>>>>

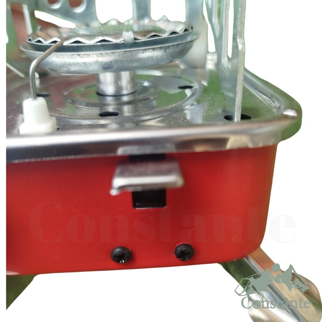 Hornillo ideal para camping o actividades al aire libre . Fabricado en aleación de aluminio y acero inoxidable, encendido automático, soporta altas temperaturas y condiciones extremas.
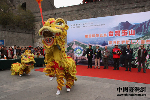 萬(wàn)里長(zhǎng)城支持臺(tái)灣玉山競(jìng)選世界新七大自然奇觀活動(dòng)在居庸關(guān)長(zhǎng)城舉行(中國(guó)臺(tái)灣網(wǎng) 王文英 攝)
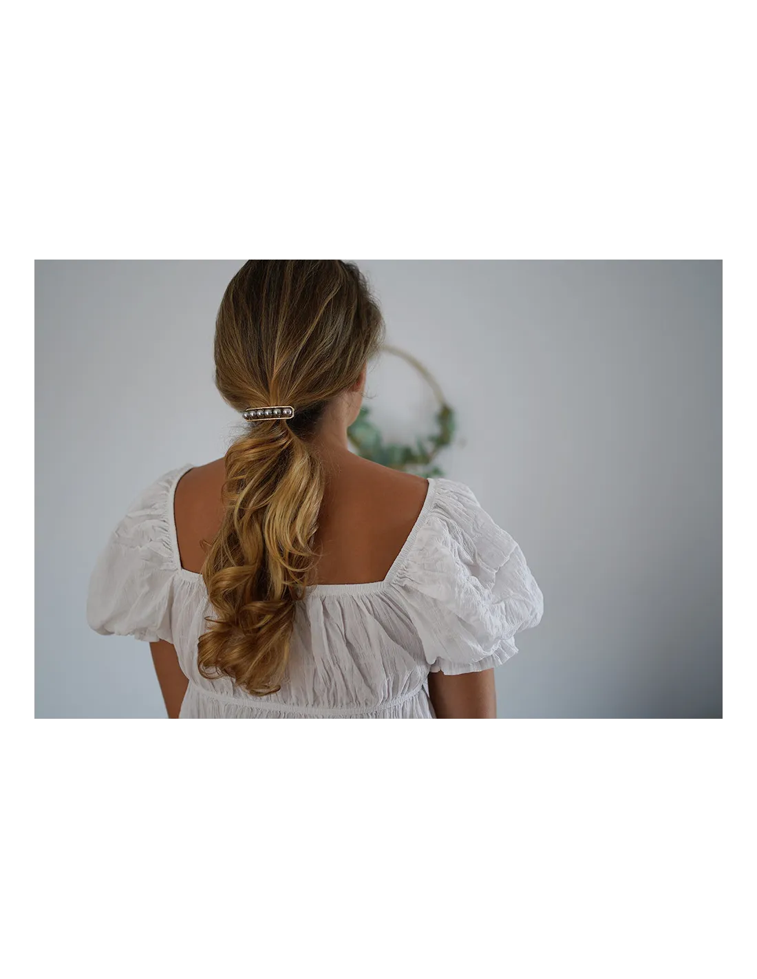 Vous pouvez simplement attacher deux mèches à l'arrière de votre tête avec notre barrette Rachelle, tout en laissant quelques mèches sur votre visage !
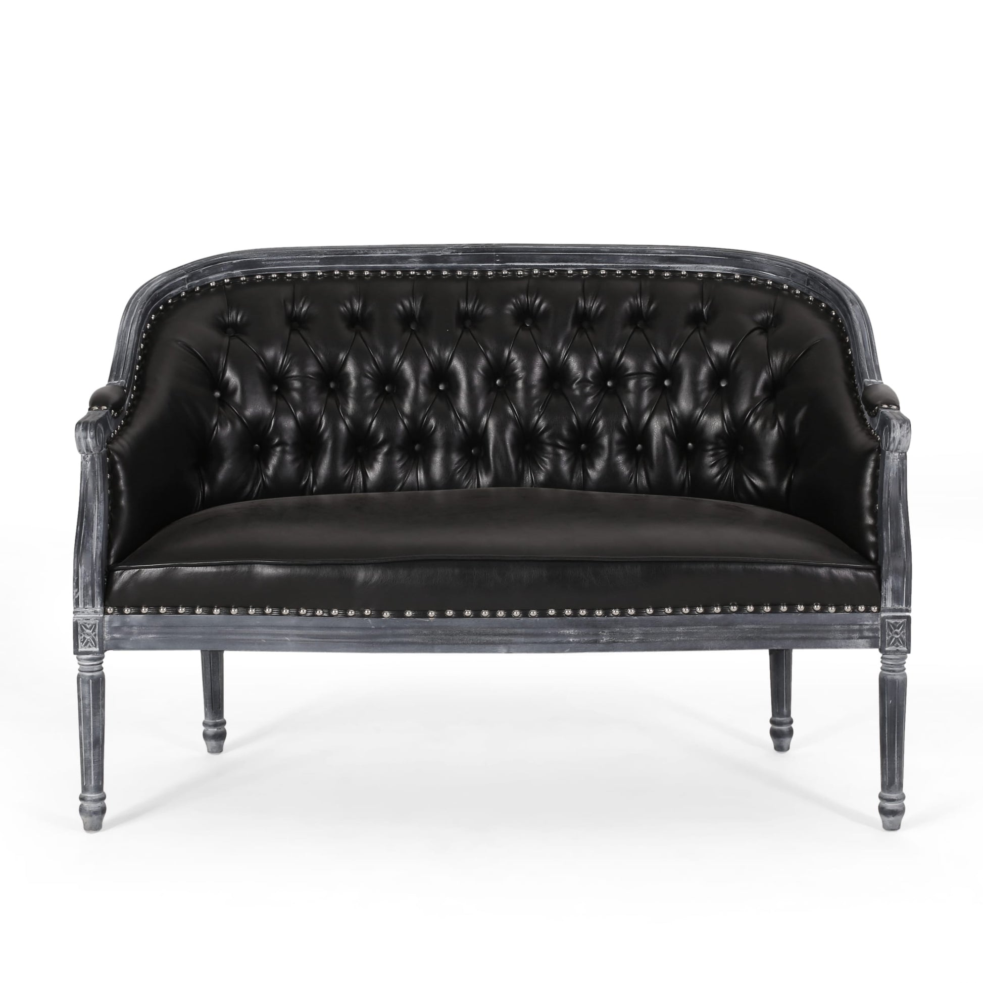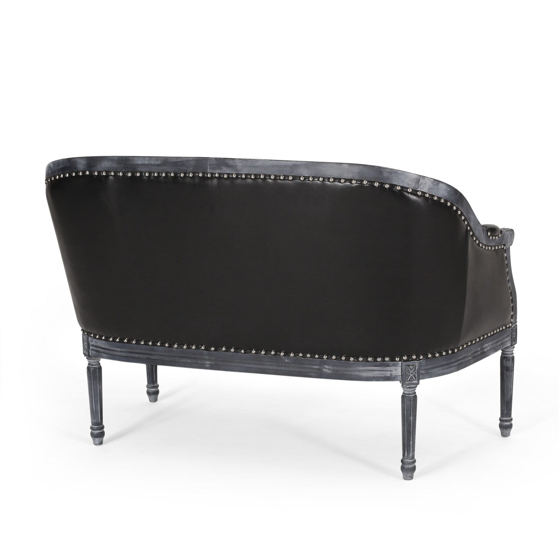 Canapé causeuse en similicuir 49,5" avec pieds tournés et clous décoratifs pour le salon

<<<<

**YOUR TASK**.
Your reply should hold every line above exactly as written and none of the pictures.

**OUTPUT FOR THIS TASK**.
 Hornillo ideal para camping o actividades al aire libre . Fabricado en aleación de aluminio y acero inoxidable, encendido automático, soporta altas temperaturas y condiciones extremas.
 萬(wàn)里長(zhǎng)城支持臺(tái)灣玉山競(jìng)選世界新七大自然奇觀活動(dòng)在居庸關(guān)長(zhǎng)城舉行(中國(guó)臺(tái)灣網(wǎng) 王文英 攝)
 Vous pouvez simplement attacher deux mèches à l'arrière de votre tête avec notre barrette Rachelle, tout en laissant quelques mèches sur votre visage !
 Canapé causeuse en similicuir 49,5" avec pieds tournés et clous décoratifs pour le salon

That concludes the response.